Let's start by collecting data.
For Twitter data collection, I will try using "Twitter4j", which is famous as Java Wrapper of Twitter API.
Twitter4J http://twitter4j.org/ja/index.html
Let's add Twitter4J to Maven pom.xml.
Maven POM
<dependency>
<groupId>org.nlp4j</groupId>
<artifactId>nlp4j</artifactId>
<version>1.0.0.0</version>
</dependency>
<dependency>
<groupId>org.twitter4j</groupId>
<artifactId>twitter4j-core</artifactId>
<version>[4.0,)</version>
</dependency>
Access the following to define your application. https://apps.twitter.com/
After defining the application, you can get the following values on apps.twitter.com, so copy them.

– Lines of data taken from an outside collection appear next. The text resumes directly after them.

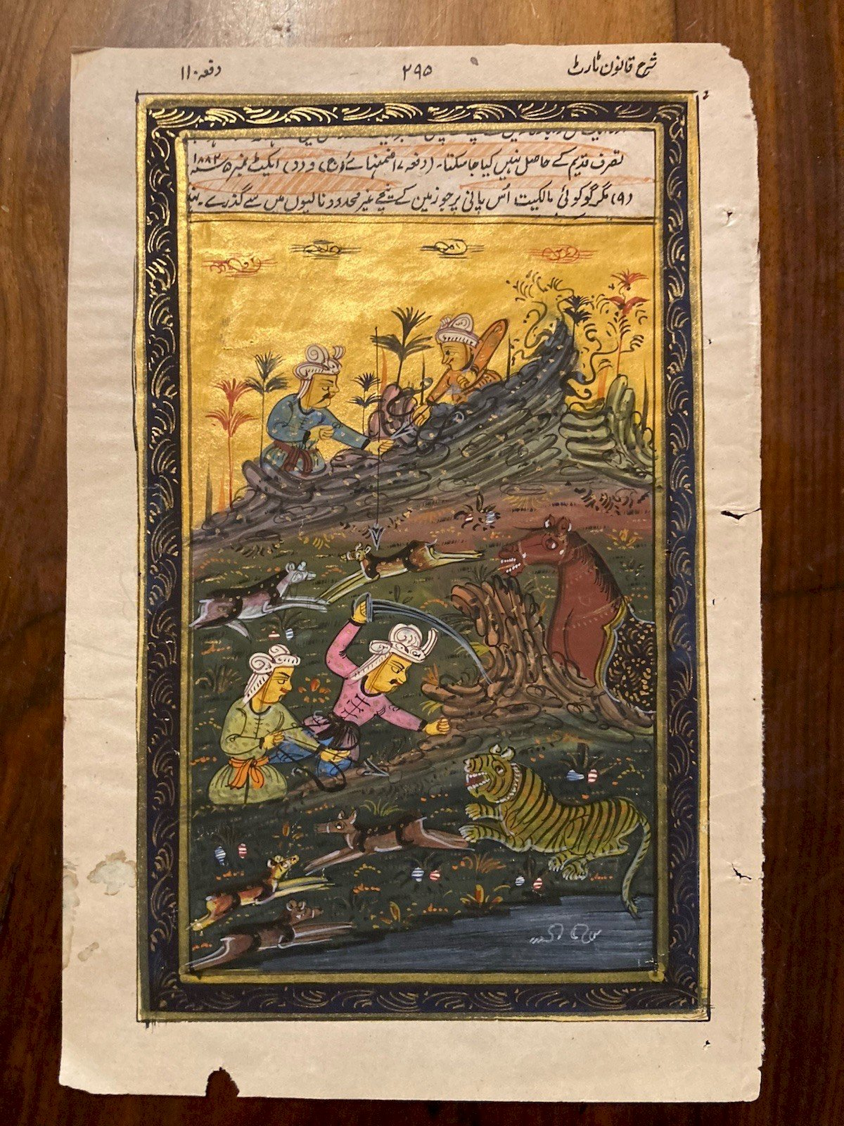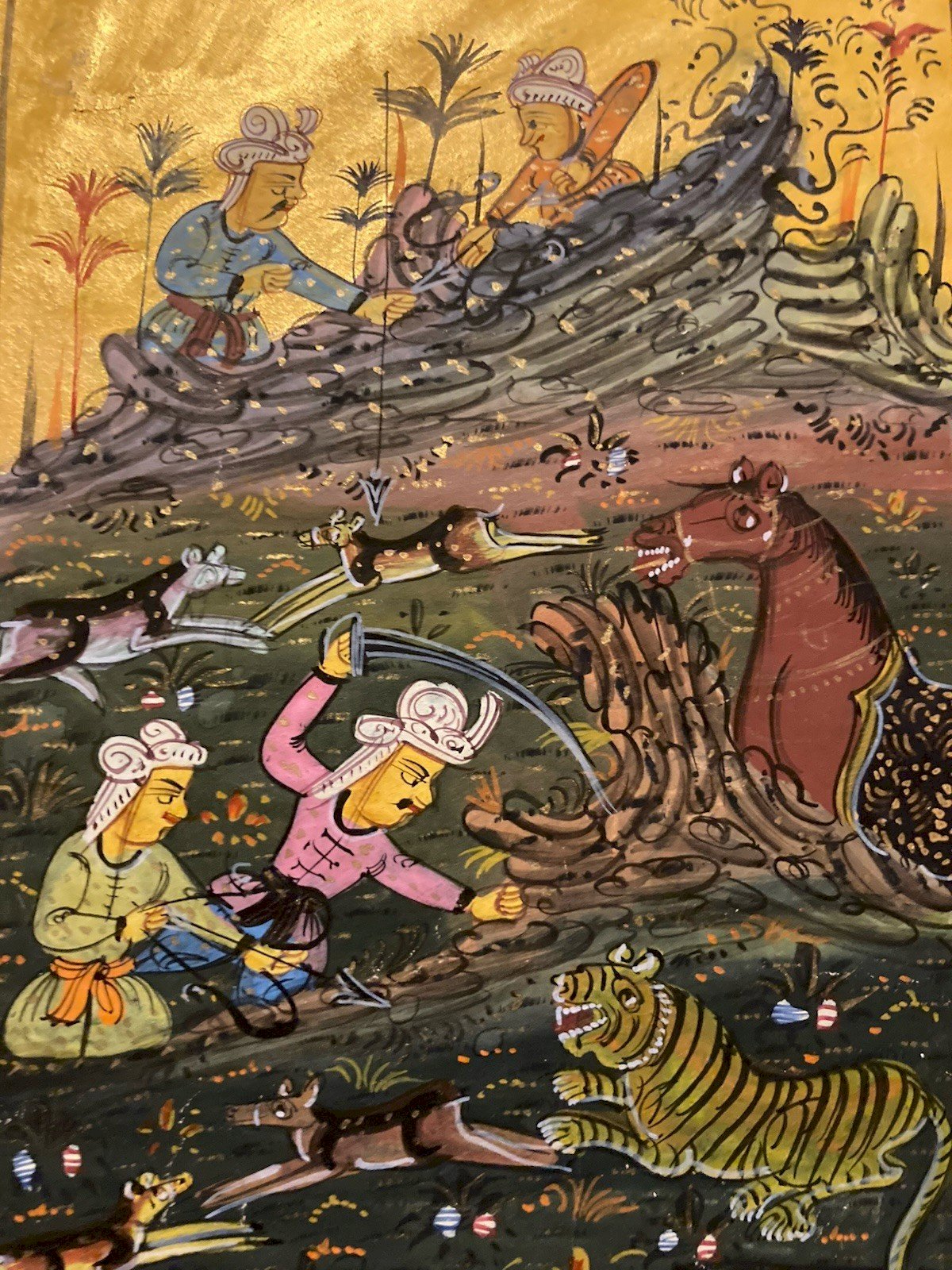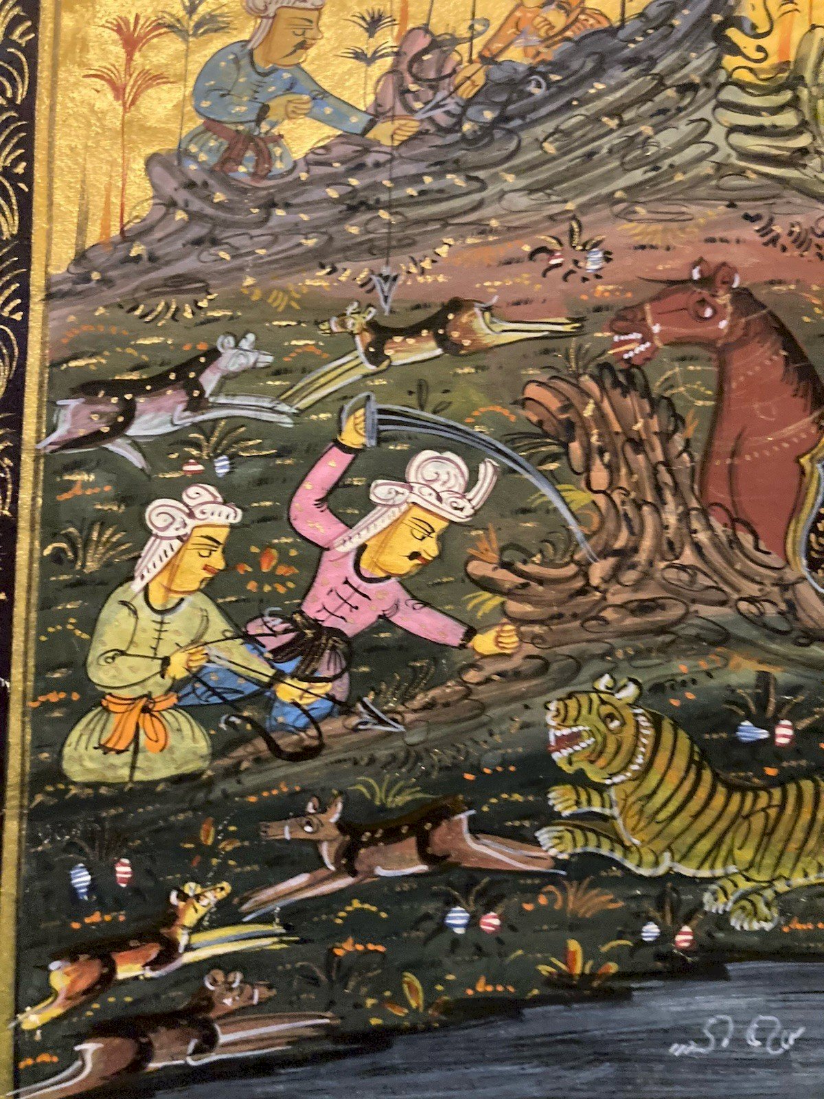 Peinture Art Perse Illustration 1900 Orient Orientaliste Chasse Tigre
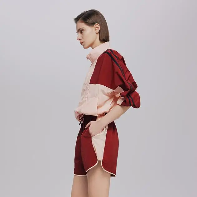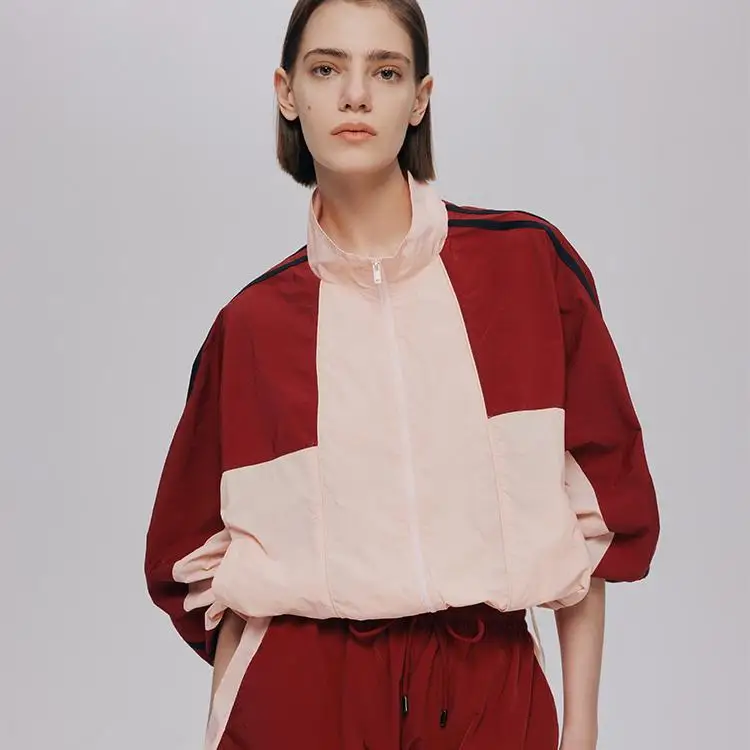 Custom Stand up Collar Patchwork Jacket Casual Polyester Lightweight Coat Windbreaker Zipper Coat
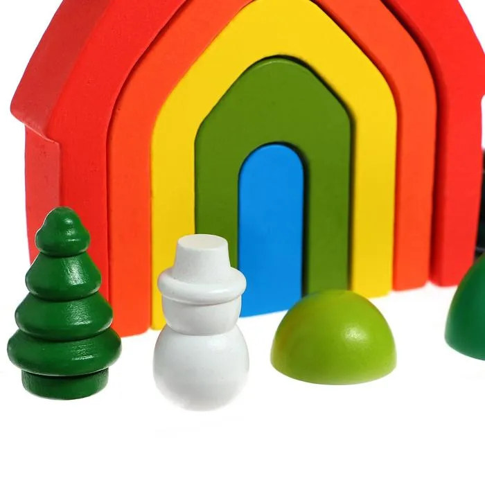 Элементы набора выполнены из экологичного материала — дерева — и покрыты безопасными для детского здоровья красками. Детали тщательно обработаны и не имеют острых углов.
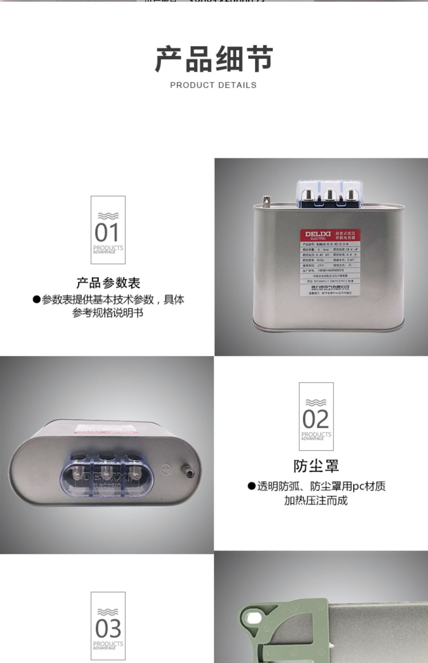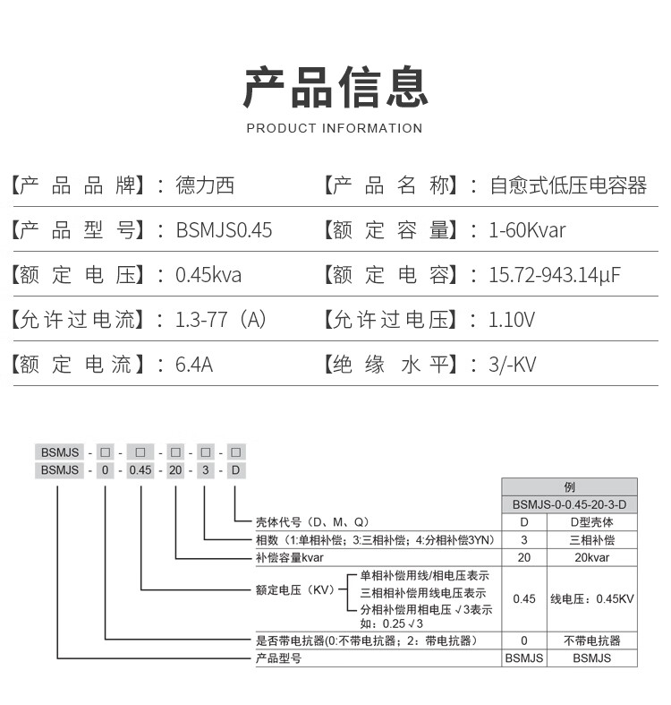 Delixi self-healing low-voltage parallel power capacitor BSMJS0.45 withstand voltage 450V reactive power compensation 20-3 20Kvar 450V
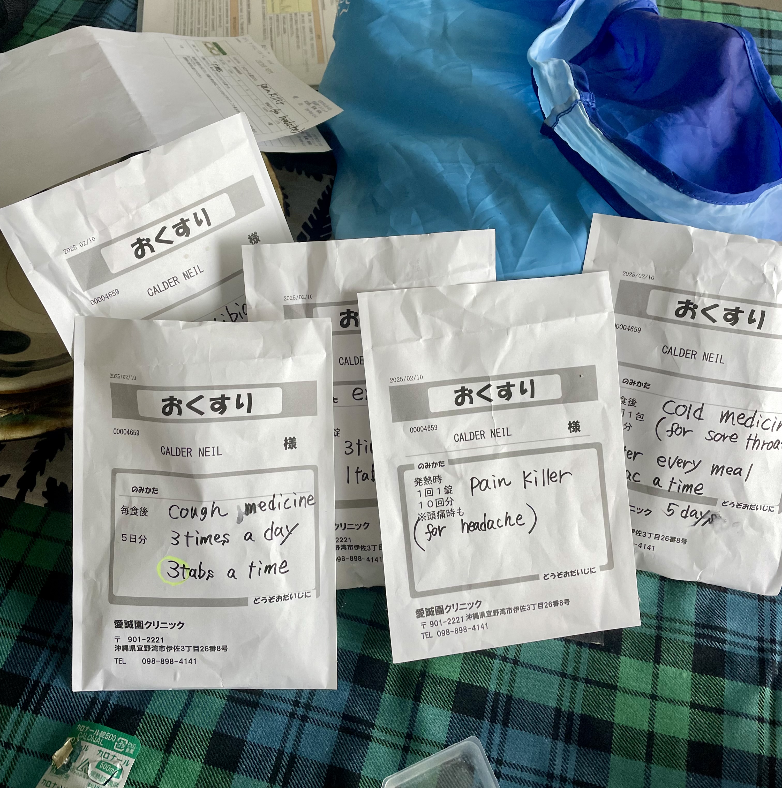 Nagasaki sensei examines me in the car and tells me I have Covid or Corona virus in Japanese. I get lots of medication.
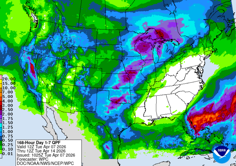 The total rainfall map from the WPC shows the story quite well. We aren’t alone in this, as most of the southeast and Mid-Atlantic will see very little to no rain during this time as well.
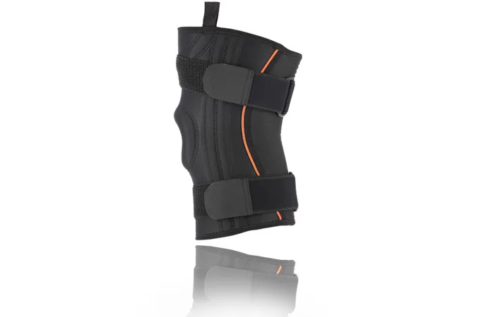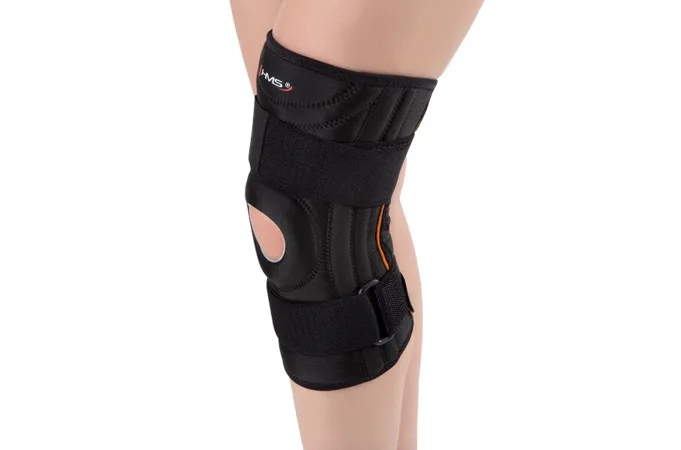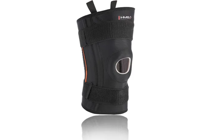 Ortéza HMS KO1655 je vyrobena z kombinace neoprenu, polyesteru a nylonu v úpravě airprene. Výsledný materiál je elastický, roztažitelný do všech směrů a pomocí systému suchých zipů je možné stabilizátor nastavit přesně podle Vašich potřeb. Po stranách jsou do konstrukce všity výztuhy, které zamezují pohybu kolene do stran a vzad. V přední části je kapsa na zip, ve které se nachází silikonový kroužek pro stabilizaci čéšky. Kroužek lze snadno vyjmout a záleží pouze na Vás, jak hodně potřebujete koleno stabilizovat.
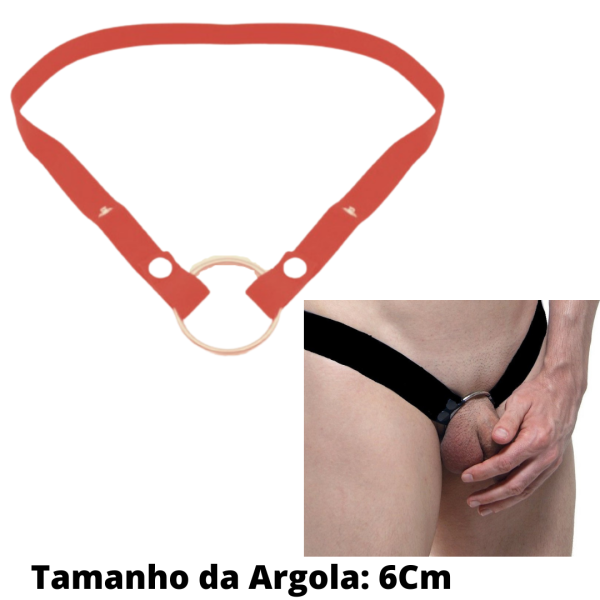 Anel Peniano Com Cinto em Elástico Vermelho Ajustável Com Argola 6Cm
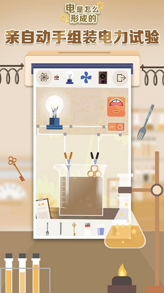 与实验室所制作的实验相类似,提供闭合的电路、电解质和各种金属和器具,对比分析帮助你更好的进行电力形成。
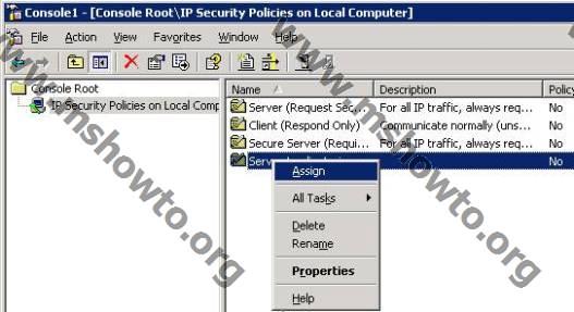 25) Pc’lerden birinde server-to-client ping policy’sinin üzerine sağ tıklayıp Assign tuşuna basın.
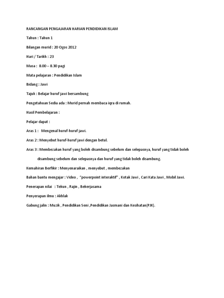 Rancangan Pengajaran Harian Pendidikan Islam Tahun Tarikh Hari 4 Jamadilawal 1436h 23 Februari 2015 Isnin Pdf Free Download
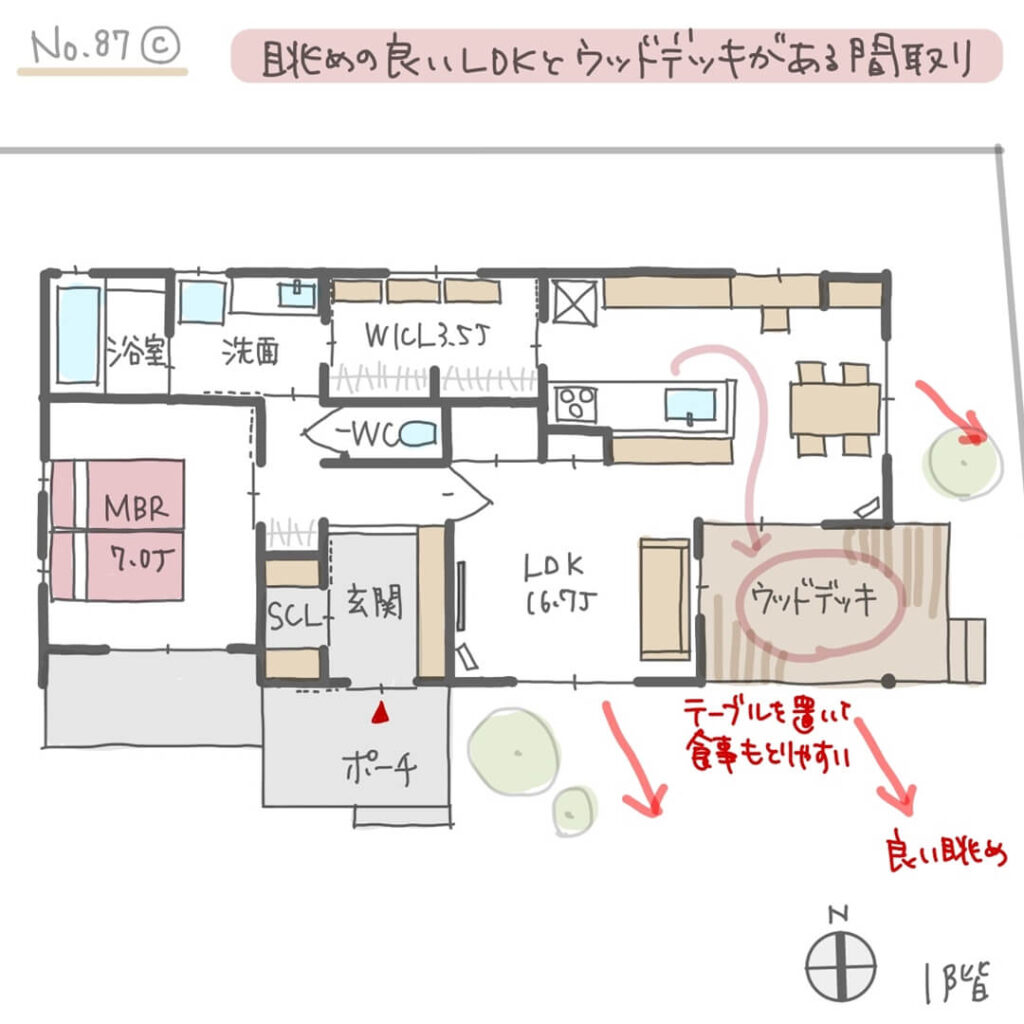 間取りプラン ウッドデッキのある家事ラクな平屋。

Application Settings Note as Consumer Key (API Key)-> (1) Note as Consumer Secret (API Secret)-> (2)
Your Access Token Note as Access Token-> (3) Note as Access Token Secret-(4)
Prepare the following property file and put it in the classpath.
debug=false
http.prettyDebug=false
oauth.consumerKey= (1)Value obtained in
oauth.consumerSecret= (2)Value obtained in
oauth.accessToken= (3)Value obtained in
oauth.accessTokenSecret= (4)Value obtained in
jsonStoreEnabled=true
It is a good idea to place the file in the root of the package like this:
Code I will try to put the collected tweets directly into NLP4J. (Of course, you can save it to a file such as CSV or JSON.)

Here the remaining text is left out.